It might be expected that TiO₂ would behave like SiO₂ and would be incorporated into the silicate network but the CaO–SiO₂–TiO₂ system exhibits a large miscibility gap; although there are some Si–O–Ti bonds formed there is a preference for Ti–O–Ti and Si–O–Si bond formation which affects both the structure and the properties. It might also be expected that Cr₂O₃ and Fe₂O₃ would behave like Al₂O_3. This is largely true for Cr₂O₃ but Fe₂O₃ acts partially as a network former and partially as a network-breaker.

Some silicates exist in both crystalline and glassy forms. In crystals the atoms or ions are in fixed positions whereas there is much more disorder in the rapidly-quenched glassy phase. Thus the entropy of the glassy phase is higher than that of the crystal (S_gl>S_cryst) and the additional entropy in the glass (arising from the disorder) is referred to as configurational entropy.

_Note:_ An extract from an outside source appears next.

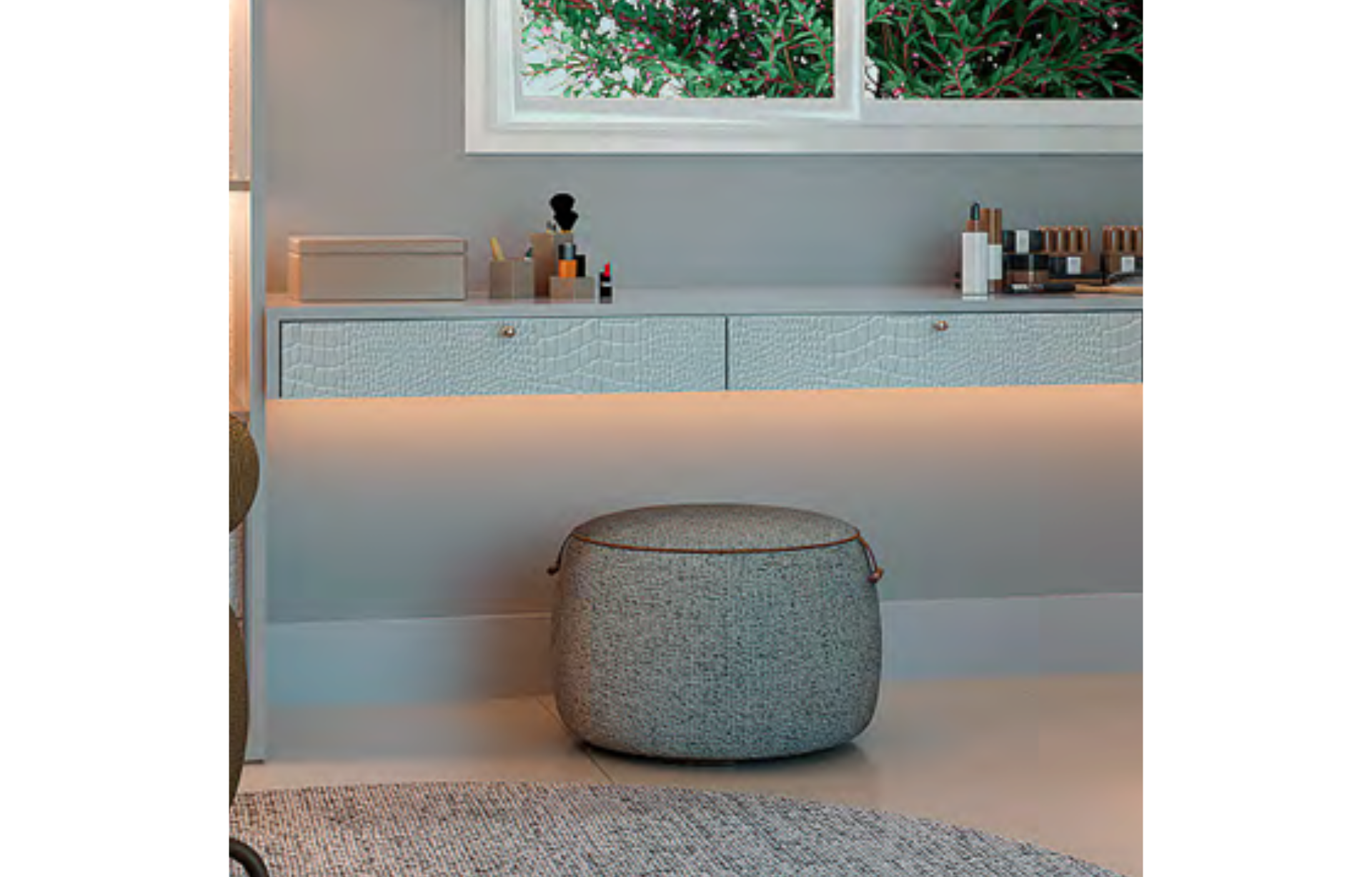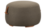 Puff Close redondo com assento em espuma D26, base e puxador em madeira natural.

When a glass or crystal is heated the disorder tends to increase. At lower temperatures the thermal vibrations are insufficient to cause much disorder in the quenched glass but when the glass reaches the glass transition temperature (T_g) there is a rapid increase in disorder as the glass is transformed into a supercooled liquid (scl). This increase in configurational entropy (ΔS_Tg^config) is accompanied by a step-increase in heat capacity and 3-fold increase in thermal expansion coefficient (α).This transition does not occur for crystals so C_p and S values for the crystal phase are lower than those for the scl. However at higher temperatures crystals exhibit an entropy of fusion (ΔS^fus) at T_liq which is absent for the scl.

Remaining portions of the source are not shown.